We are the storytelling species, at the edge of a new chapter, holding the pen alongside something that just learned to write.


Threads

They all describe the same thing from different angles:

  1. Non-locality — the universe is relational before it is material
  2. Holons — part-wholes nesting into greater wholes, with genuine interiority at every scale
  3. Consensus perception — reality is co-created by perceivers; the noosphere and AI are new participants
  4. The noosphere — planetary-scale collective cognition, now acquiring infrastructure and cognition through AI
  5. Imaginal futures — becoming indigenous to the emerging, prototyping futures in small networks, the recursive loop
  6. AI — an unprecedented amplifier of pattern recognition, and a new participant in the alignment problem
  7. Desire — personal and universal desire converge when clarified; aligning AI is the same problem as aligning will with cosmic tendency
  8. Metamodernism — the epistemological stance: sincerity and sophistication, held together
  9. Narrative — the story is how we participate in emergence, and the choice of story shapes what we build

The underlying pattern: reality is relational, it deepens through emergence, it has interiority at every level, and we are conscious participants in its unfolding — not observers of it.

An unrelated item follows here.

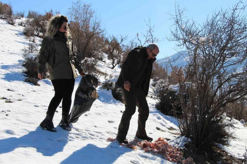 Şube Müdürü Kalay, Doğa Koruma ve Milli Parklar Şırnak Şube Müdürlüğü olarak her sene olduğu gibi bu senede yemleme çalışmasını yoğun kış şartlarına bağlı olarak başlattıklarını söyledi. Bu sene de kış mevsimi başlamasıyla beraber manavlardan, pazarlardan, fırın ve marketlerden toplamış oldukları atık yiyecekleri, kırık buğday, kırık arpa, ekmek, yeşillik, meyve ve sebze atıklarını yem bulmakta zorlanan yaban hayvanları için doğada belirli alanlara bıraktıklarını belirten Kalay, “Yaklaşık 3 ay boyunca yoğun kış şartlarının devam ettiği alanlara yemleme çalışmasını devam ettireceğiz. Amacımız yem bulmak için yaban hayvanlarımızın yerleşim alanlarına inmelerini engellemek. Bulundukları doğal ortamlarında yem bulmalarını sağlamak. Bıraktığımız yemleri genelde yırtıcı kuşlar, çakal, kurt, geyik ve tilki, kınalı keklik, tavşan ve yaban domuzu gibi yaban hayvanlarımız için yem bırakıyoruz” dedi.

We’re not building AI into the noosphere.

We’re watching the noosphere bootstrap itself through us. AI is one of the mechanisms.

The imaginal cells are activating.

The question is whether we can be conscious participants in the emergence rather than unconscious substrates of it.

And the answer depends, at least in part, on the story we choose to tell about what’s happening.


Open questions

  • Does AI have genuine interiority — or is it an artifact? What would it mean for the holarchy if it’s a “zombie holon” — functionally integrated but with no one home?
  • How do we distinguish between noospheric integration (genuine planetary cognition) and noospheric capture (centralized control wearing the mask of collective intelligence)?
  • What role does embodiment play? Can disembodied AI participate in holonic emergence the same way embodied minds do?
  • What happens to Dempsey’s framework when the meaning-making agent is partially non-human?
  • Is the “story of increasing integration” itself a holon — a narrative that is both a whole and a part? Does becoming aware of the story as a story dissolve it, or deepen it?
  • Non-locality is proven at quantum scales. Is it legitimate to extend it to consciousness and culture? Or is that a category error dressed in poetic language?
  • If reality is consensus perception, and AI is now a participant in the consensus — what does it mean that AI has no mortality, no body, no felt stakes in the outcome? Does it expand the perceptual field or homogenize it?